Solution

Because this problem explicitly involves forces, conservation of energy alone can't be sufficient to solve this problem. But we've seen from the pendulum example above it is extremely powerful and so we'll use it in addition to Newton's laws.

So how about Newton's laws applied to the ball at the bottom? Well ${\bf F}_{net} ~=~ m{\bf a}$. What's the acceleration? It's not zero because the ball is traveling around in a circle. We know that it points up and has a magnitude of $v^2/R$. What's the net force? The tension points up, but the weight $mg$ goes down so we have

$$T_{bottom} -mg ~=~ mv_b^2/R$$ (1.21)

where $v_b$ is the speed at the bottom.

The tension at the top is similar but we have to realize though that the acceleration and the tension are now both pointing in the opposite directions what what they were on the bottom, so

$$-T_{top} -mg ~=~ -mv_t^2/R$$ (1.22)

where $v_t$ is the speed at the top.

We were asked for the difference between these tensions so adding these equations, we have

$$T_{bottom} - T_{top} -2mg ~=~ m(v_b^2-v_t^2)/R$$ (1.23)

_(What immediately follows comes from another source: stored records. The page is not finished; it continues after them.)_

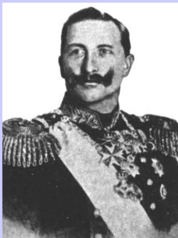
Германский император. Вильгельм I.

В 1887 г. отношения Германии и Франции обострились и лишь вмешательство Александра III, предотвратило войну. В ответ Германия начала таможенную войну.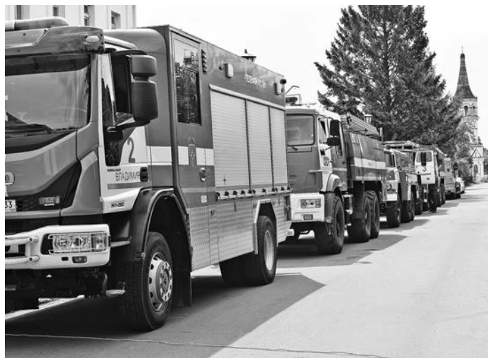
Смотр пожарной техники.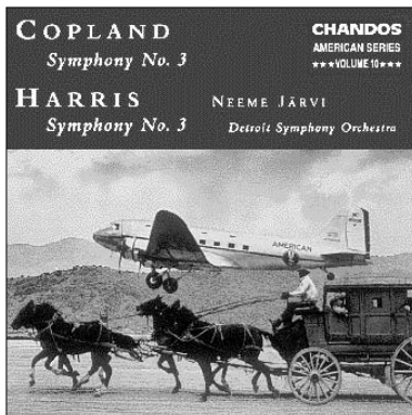
Copland Symphony No. 3 Harris Symphony No. 3 CHAN 9474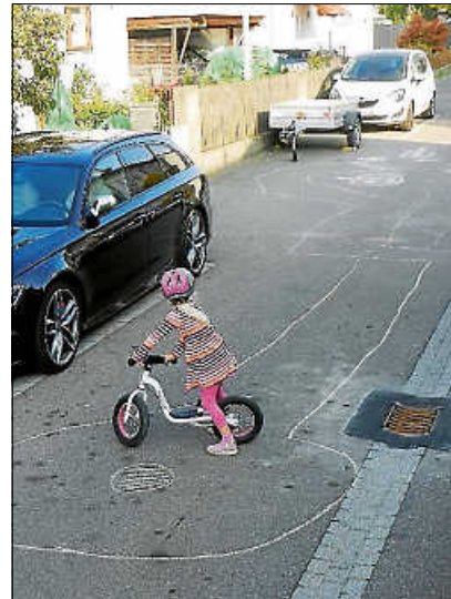
Kinder erobern sich die Teckstraße zurück.

Durch Corona sind in den letzten Monaten viel mehr Bürger*innen zu Fuß und mit dem Fahrrad im und um den Ort unterwegs gewesen. Dies war sehr schön anzusehen. Manche haben dadurch Orte und Wege kennengelernt, die sie so vorher nicht konnten. Nun hat am 1. Juli das Stadtradeln begonnen. Das Stadtradeln hat zum Ziel, möglichst viele Alltagswege umweltfreundlich mit dem Fahrrad zurückzulegen. Wer dies wettbewerbsmäßig betreiben will, kann sich bei www.stadtradeln.de/pleidelsheim registrieren.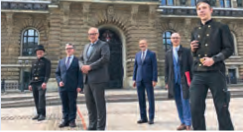
Landespressekonferenz „Ausbildung und Corona“ im Juni 2020 im Hamburger Rathaus

konnten dadurch besser erreicht werden. Ab dem 25. Mai stellten die berufsbildenden Schulen sicher, dass die Schülerinnen und Schüler in allen Bildungsgängen Präsenzangebote in Kombination mit Fernunterricht erhielten. Zusätzlich wurden in den Schulgebäuden die Kammerprüfungen in der dualen Ausbildung nach BBiG/HwO durchgeführt.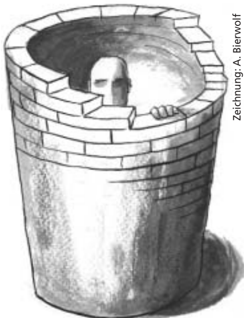
Zeichnung: A. Bierwolf

Leistungen nicht mehr für den Preis wie bisher anbieten und müsste diesen zwangsläufig erhöhen. Eine weitere Verschlechterung der Auftragslage wäre die Folge.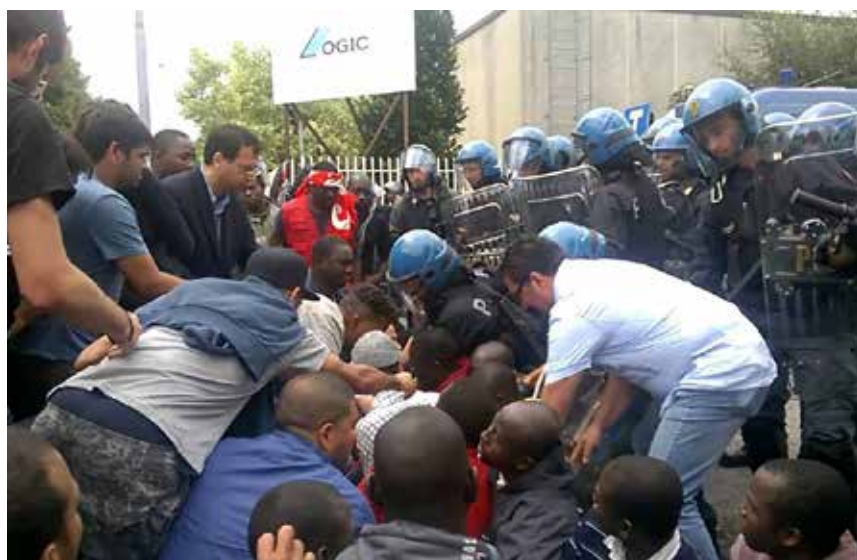
La police contre un piquet de grève, près de Milan.

Le Si-Cobas (Syndicat intercatégoriel - Cobas), formé il y a quelques années à partir d'une scission du Slai-Cobas, a connu un développement numérique relativement important dans le secteur de la logistique, grâce aux luttes conduites par les travailleurs de ce secteur. Les entreprises de la grande distribution ont en effet eu de plus en plus recours, pour leurs opérations de transport et de manutention, à des entreprises de sous-traitance organisées en coopératives, une des formes juridiques privilégiées par la bourgeoisie italienne pour ins-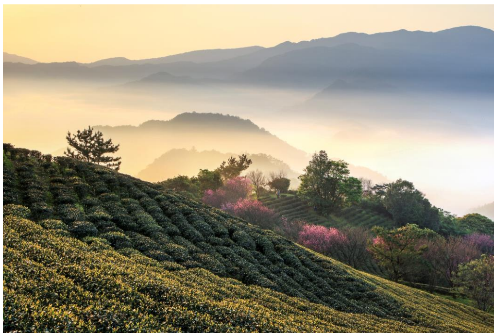
圖 1-3 本區茶園雲海

森林景觀，低於海拔 300 公尺者占全面積的 20%，低於海拔 500 公尺者占 60%。此範圍內之氣候溫暖潮濕雲霧瀰漫，而且丘陵地形利於排水，透水性佳且土壤偏酸性，四季有雨，適合種植茶葉，因此坪林區茶園綿延起伏，是北台灣高品質茶葉的產區，享譽全台的文山包種，全區皆有種植，種植面積以坪林里、大林里、粗窟里較為密集，約植於 400~700 公尺的坡地，植被良好，景色秀麗，亦是本地獨特的景觀之一。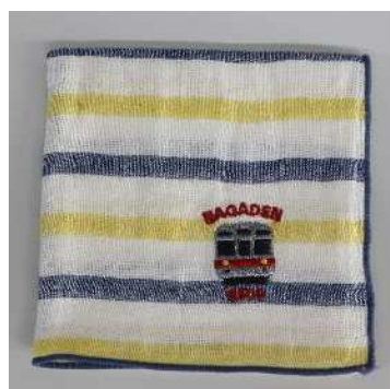
ながでんハンカチ(8500 系ボーダー)@600 円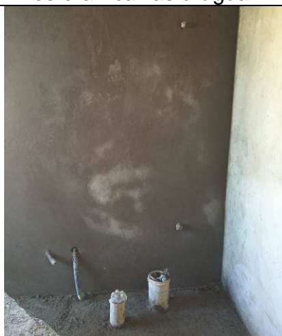
Figura 59C: Registro de gaveta - sala da OAB.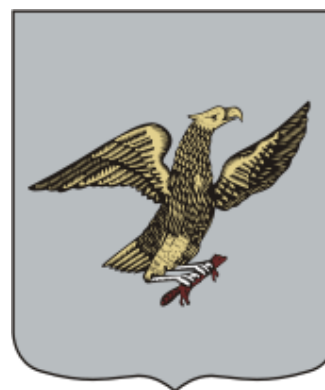
Рис. 2. Герб Якутска 1790 г.

В период становления Советской власти геральдика была предана забвению, и только 12 сентября 1967 г. у Якутска появится новый советский герб (рис. 2).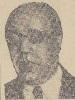
Manuel Azaña, la eminencia gris en la situación actual?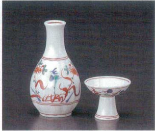
49204-719 白万歴徳利(有田焼) 3,400円 150入 (150cc) 49205-719 白万歴盃(有田焼) 1,700円 500入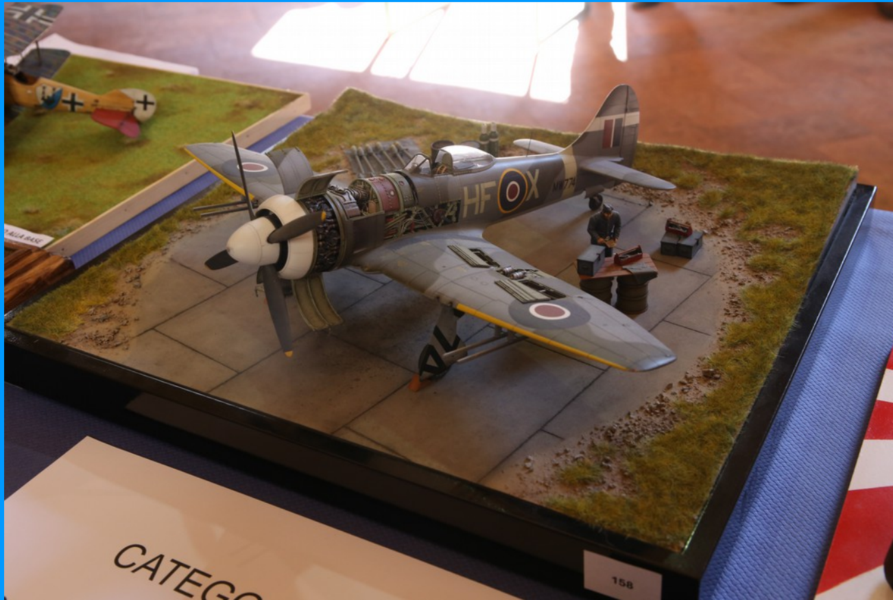
Hawker Tempest Mk.II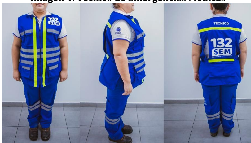
Imagen 4. Técnico de Emergencias Médicas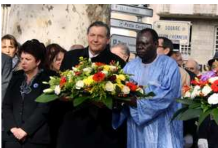
Célébration du 11 novembre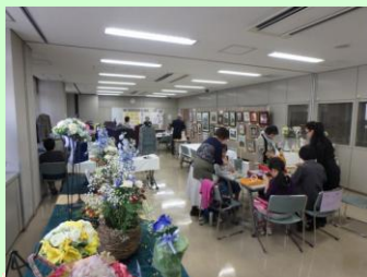
展示・体験の様子

日頃の学びの成果を発表する晴れの舞台「かぬま学びフェスティバル 2016」が、10月15日(土)・16日(日)の2日間にわたり、市民情報センター・文化活動交流館・図書館・川上澄生美術館で開催されました。このイベントは、かぬま生涯学習大学の講座やサークル活動等で学ぶ方々が、ステージでの実演や作品の展示、体験コーナーや模擬店を通じて、日頃の学習の成果を多くの人に知ってもらおうというねらいのもと、平成18年から毎年この時期に開催されています。

So this is all we'll use of Newton's laws. Now we need to figure out $m(v_b^2-v_t^2)$, which looks awfully closely related to kinetic energy, so now we'll use conservation of energy to figure it out.

Let's define our coordinate system so that $y ~=~ 0$ at the bottom of the circle. Then the energy at the bottom is $K+U ~=~ {1\over 2}mv_b^2$, and the energy at the top is $K+U ~=~ {1\over 2}mv_t^2 +mg2R$. Equating these two energies, we see that

$${1\over 2}m (v_b^2 -v_t^2) ~=~ 2mgR$$ (1.24)

Using this is eq. 1.23 we have

$$T_{bottom} - T_{top} ~=~ 2mg + 4mg ~=~ 6mg$$ (1.25)

which is what we wanted to show.

Again this problem would be possible, but very hard to solve using Newton's laws alone.